During Sen. Bernie Sanders’ (I-VT) presidential debate defense of democratic socialism, he said it could be a solution to addressing massive income inequality and expanding health-care access, including paid family leave, to every American.
“When you look around the world you see every other major country providing health care to all people as a right—except the United States,” Sanders said. “You see every other major country saying to moms that when you have a baby we’re not going to separate you from your newborn baby because we are going to have medical and family paid leave.”
The United States is the only country in the Organisation for Economic Co-operation and Development (OECD) that does not guarantee paid family leave.
The benefits of paid family leave include higher productivity, stronger workplace morale, and greater employee retention, as well as significant health benefits, according to a study by Oxford Economics conducted for the U.S. Travel Association.
Research conducted by the OECD has shown that paid family leave has significant benefits for fathers who take paternity leave after a child is born, and is one of many policies that could “contribute not only to a more equal share of caring and earning between parents, but also to enhancing child development.”
The public broadly supports paid family leave and other policies that protect workers’ rights. A New York Times and CBS News public opinion poll found that 80 percent of those surveyed favor requiring employers to offer paid leave to parents of new children and employees caring for sick family members.
Former Secretary of State Hillary Clinton voiced her support for paid family leave during the Democratic debate, and criticized Republican presidential candidate Carly Fiorina’s opposition to paid family leave by using her home state of California as an example of where the program has worked.
After a long political battle to pass the measure in the state legislature, the Family Temporary Disability Insurance (FTDI) act was signed into law by Gov. Gray Davis (D) in September 2002. The law took effect in July 2004.
Labor unions and women’s rights organizations were among the key groups that lobbied for the legislation.

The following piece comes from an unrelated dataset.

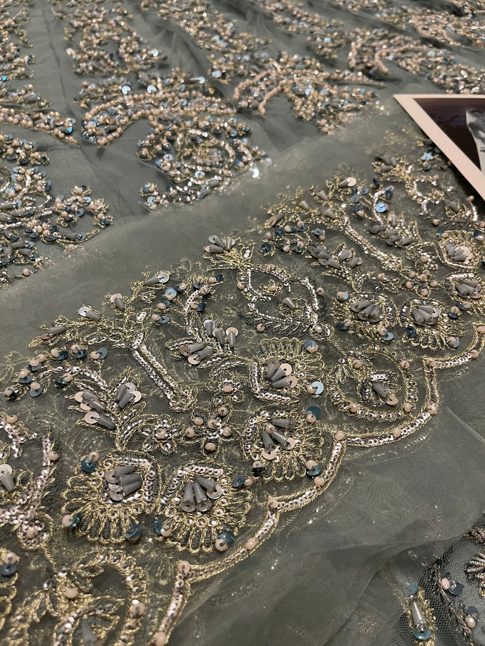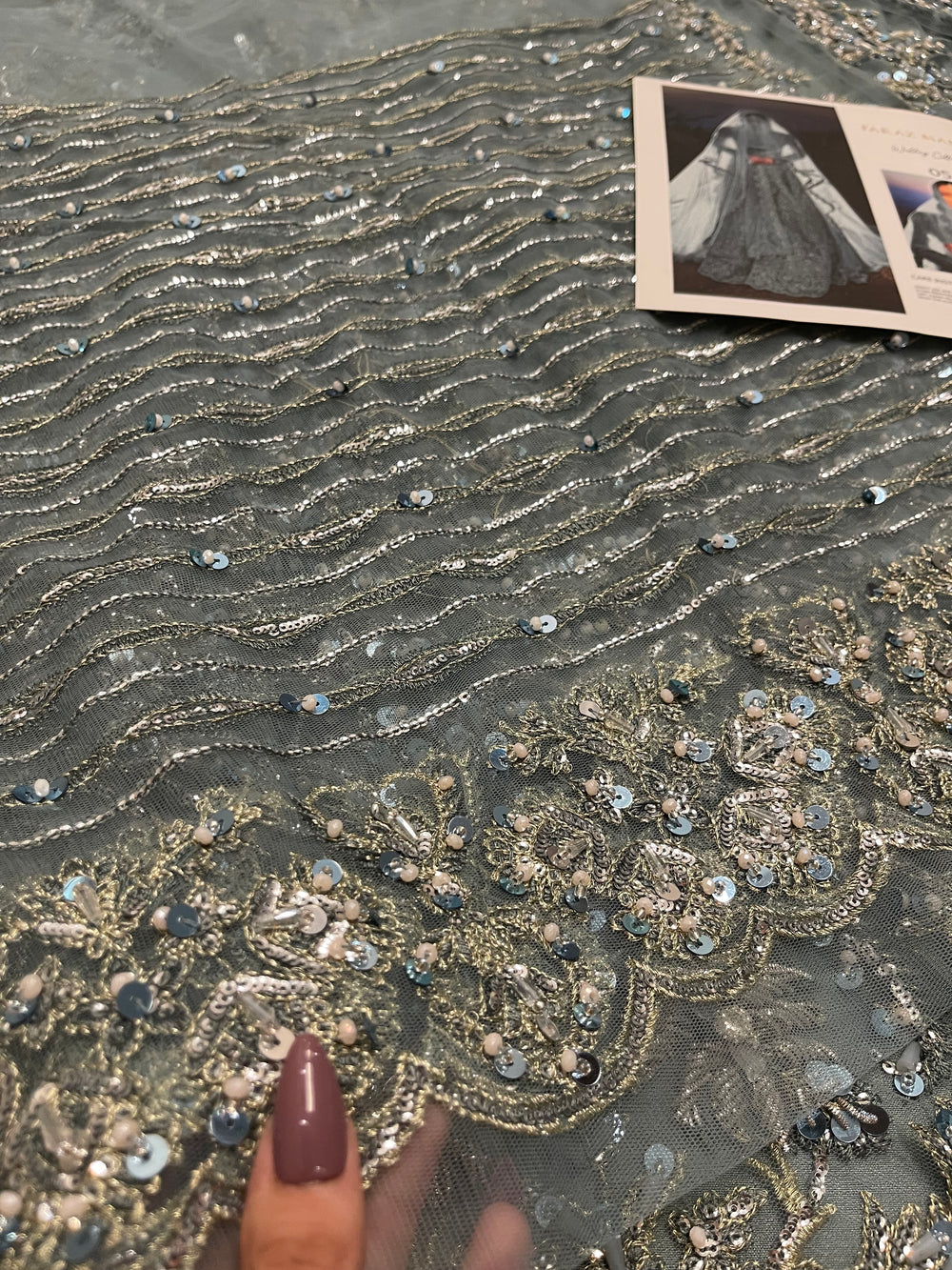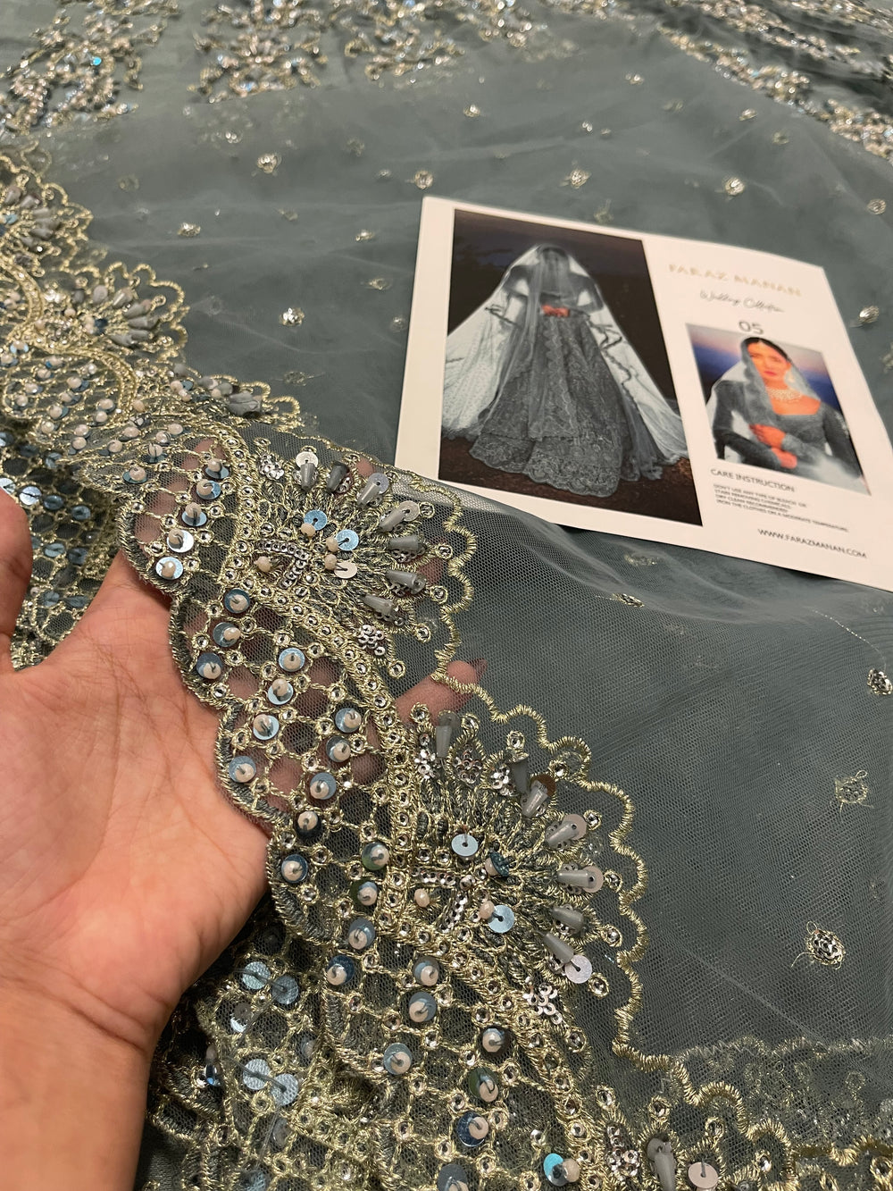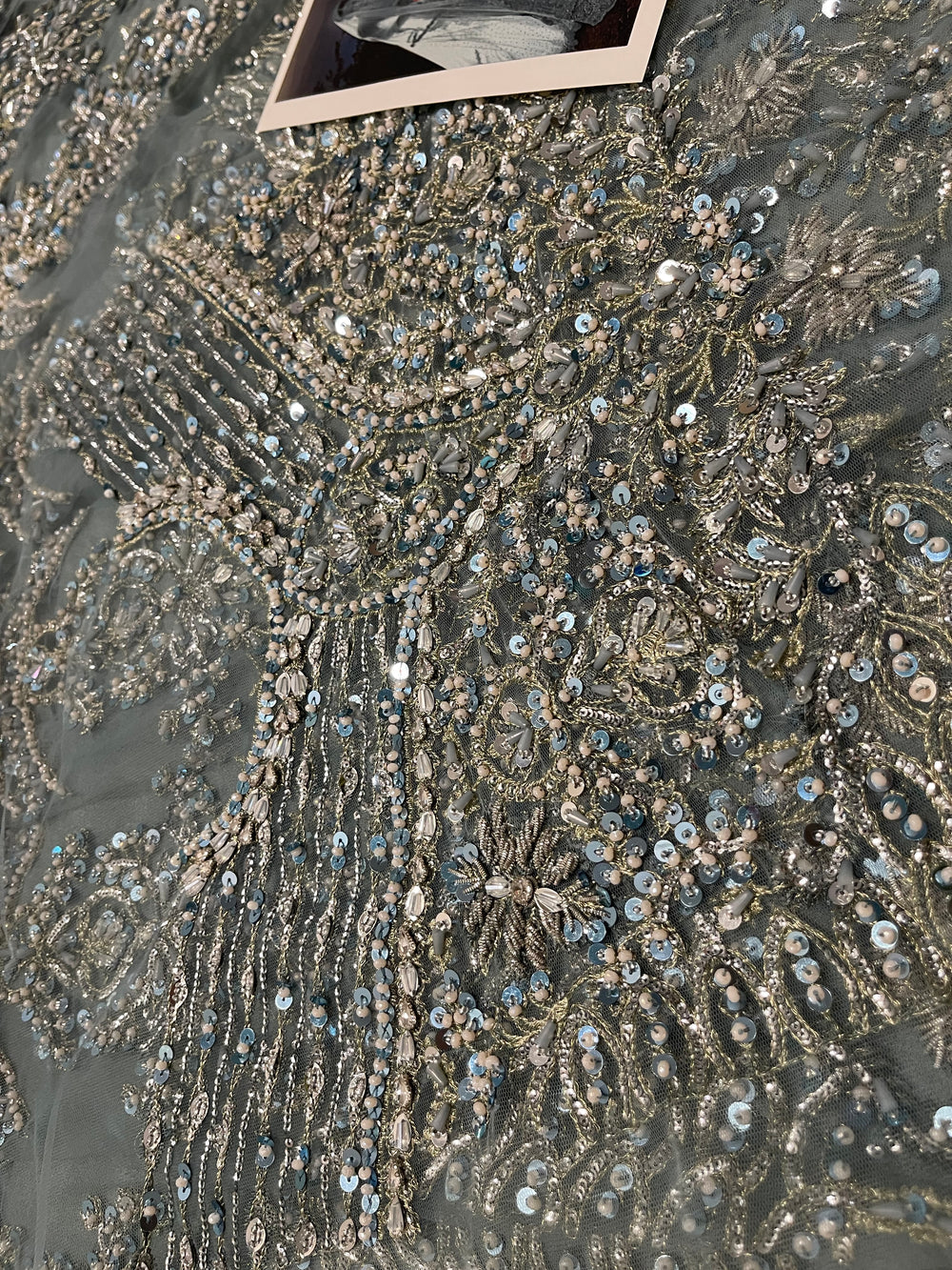 Custom Couture Ensemble | Inspired by Faraz Manan A masterfully handcrafted ensemble inspired by the timeless elegance of Faraz Manan’s design philosophy. This bespoke piece is brought to life in a uniquely curated shade, featuring an intricate tapestry of floral and vine motifs. Every inch is adorned with delicate hand embroidery — shimmering sequins, pearls, crystal beads, and metallic threadwork — woven together to create a luxurious, ethereal finish. A true celebration of craftsmanship and couture, this outfit blends traditional artistry with modern refinement, designed for those who appreciate detail, elegance, and individuality

Business groups led by the California Chamber of Commerce opposed family leave for working people, and charged that it would negatively affect the state’s economy. Julianne Broyles, a lobbyist for the California Chamber of Commerce, told the Los Angeles Times at the time that it was a “huge disappointment” that Davis signed the bill.
“California businesses will be at a competitive disadvantage because of this, and [Davis] doesn’t seem to care,” Broyles said.

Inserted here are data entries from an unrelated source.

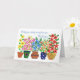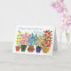 Une carte de récupération rapide avec une rangée de pots de fleurs aux couleurs vives, d'un collage de papier peint à la main par Judy Adamson. Veuillez me contacter par mon magasin si vous souhaitez que le texte de couverture avant soit modifié et que l'intérieur soit laissé en blanc pour votre propre message.
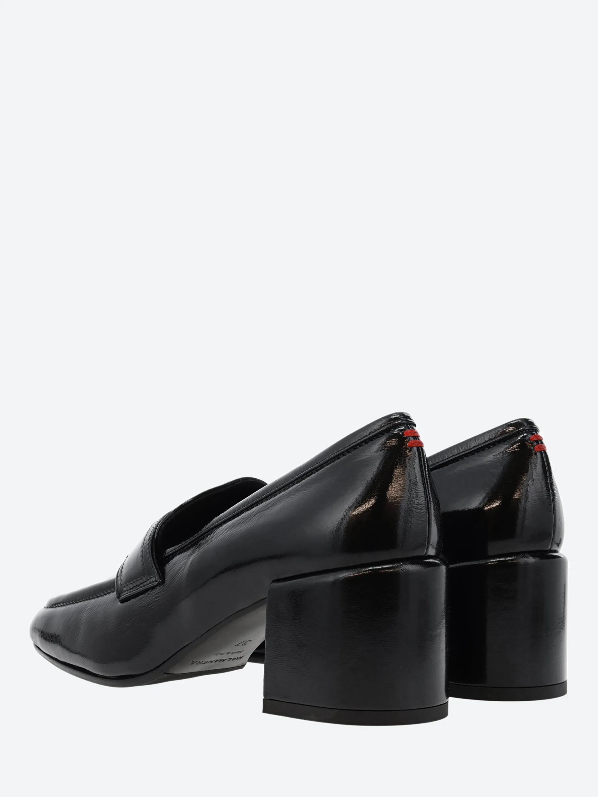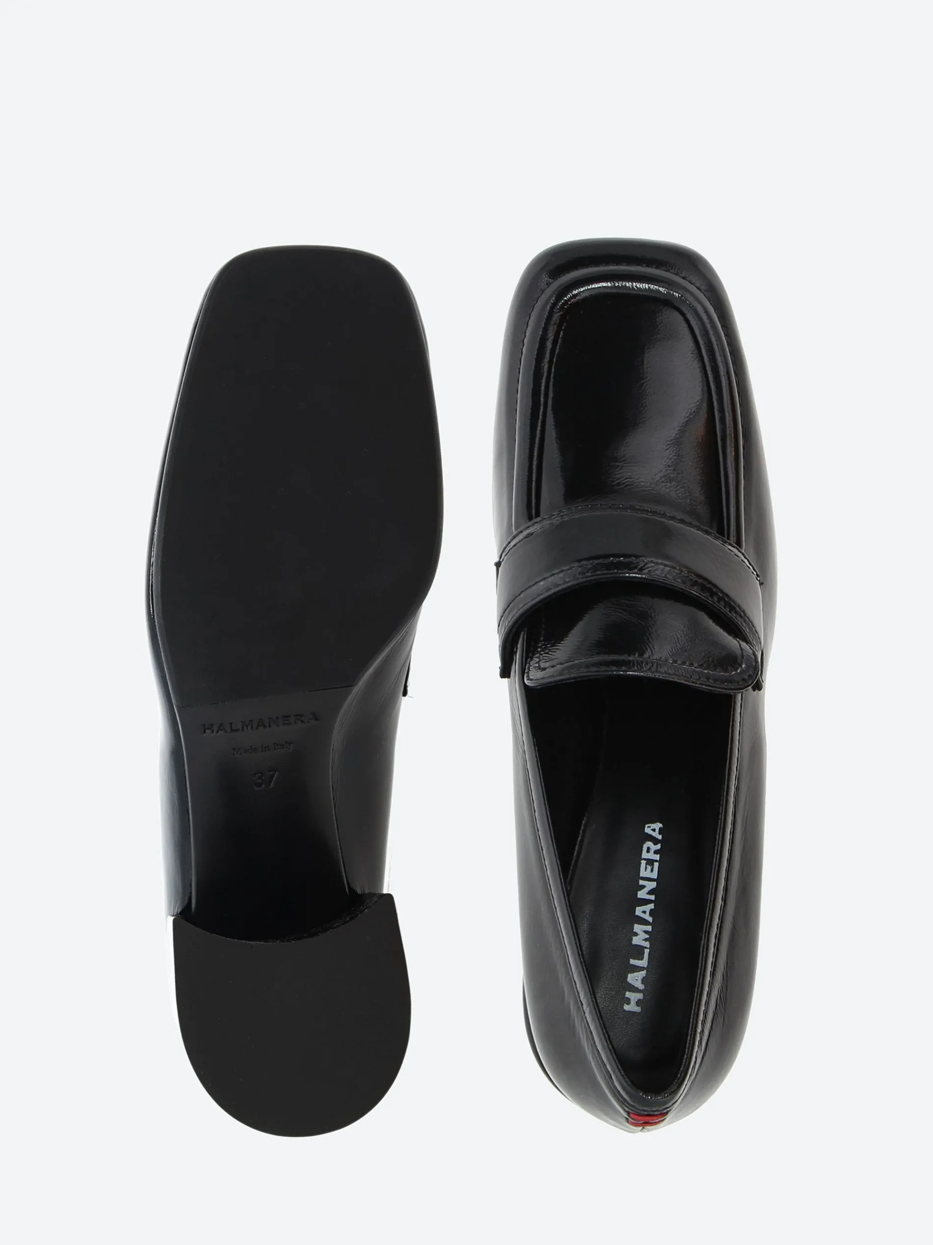 Halmanera heeled loafer in shiny leather. A slip-on style for easy on and off. Finished with a self covered wooden heel.
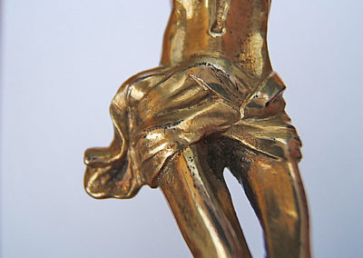 Bohrlöcher an Händen und Füßen. Sonst sehr gut erhalten. Minimaler Goldabrieb.
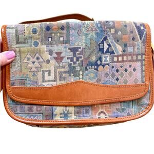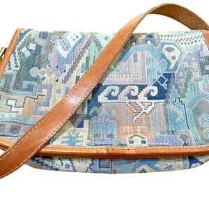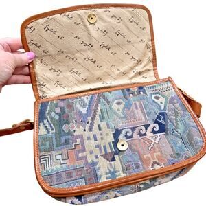 Italian Tapestry Purse 1980s Multicolor & Tan Leather Shoulder Bag Unique Retro
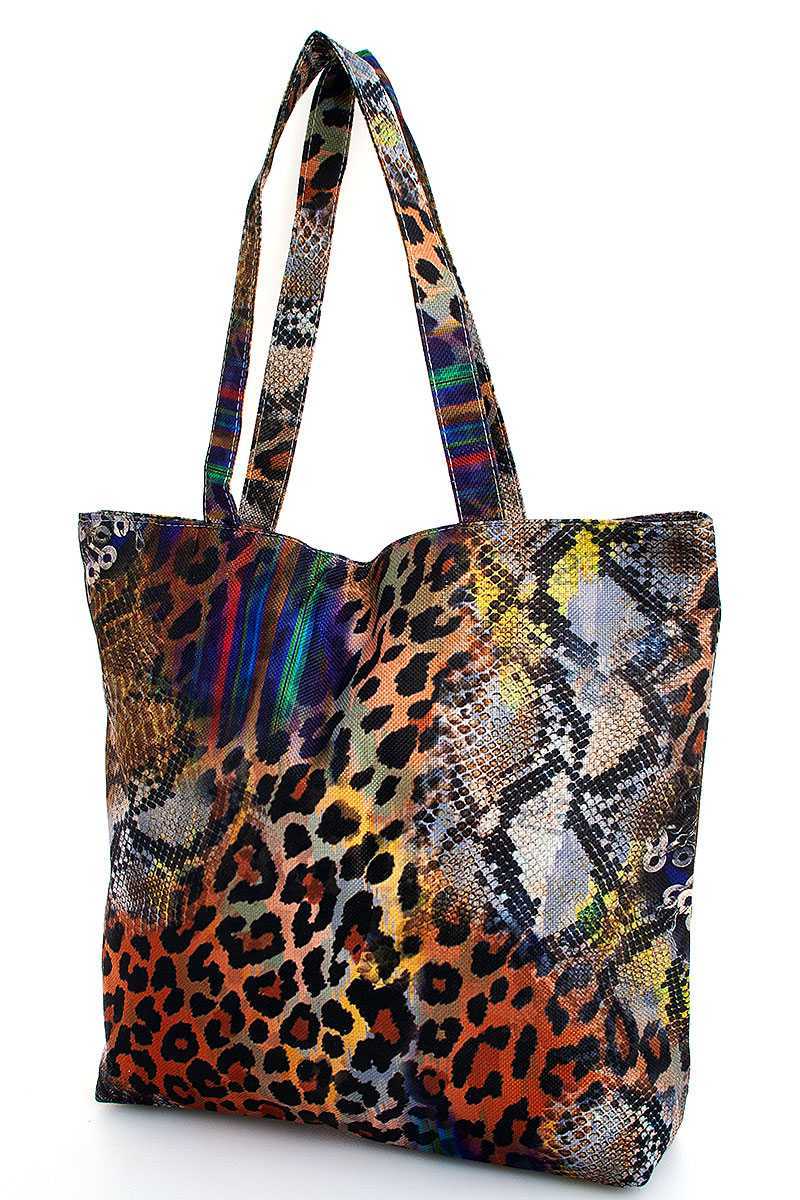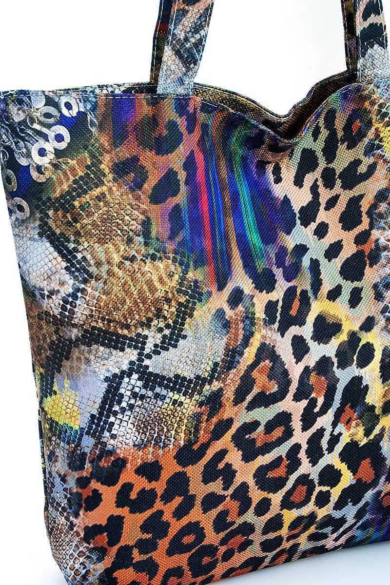MULTI COLOR RAINBOW LEOPARD PRINT ECCO TOTE BAG

During the political battle over SB 1661, the bill’s sponsor, Sen. Sheila Kuehl (D-Santa Monica) was forced to scale back the scope of the legislation. The original 12 weeks of required paid leave was reduced to six weeks, and the cost of the law was shifted entirely onto workers. The law is paid for through a payroll tax, similar to Social Security.

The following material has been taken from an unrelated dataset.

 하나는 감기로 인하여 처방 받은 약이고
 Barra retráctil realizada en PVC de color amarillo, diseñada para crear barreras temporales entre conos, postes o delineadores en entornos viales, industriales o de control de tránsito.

Those changes did nothing to change the business lobby’s opposition to the law.
Some business owners view the law as helpful for their business.
Adam Rochon, co-owner of Sequoia Employee Benefits and Insurance Solutions in Fresno, told Bloomberg that his company is not large enough to provide the same benefits as larger companies, but the law allows him to provide a benefit he might otherwise not be able to provide.
“A program like this, where it doesn’t actually have an out-of-pocket cost, is great because it allows you to offer benefits you wouldn’t normally be able to,” Rochon said.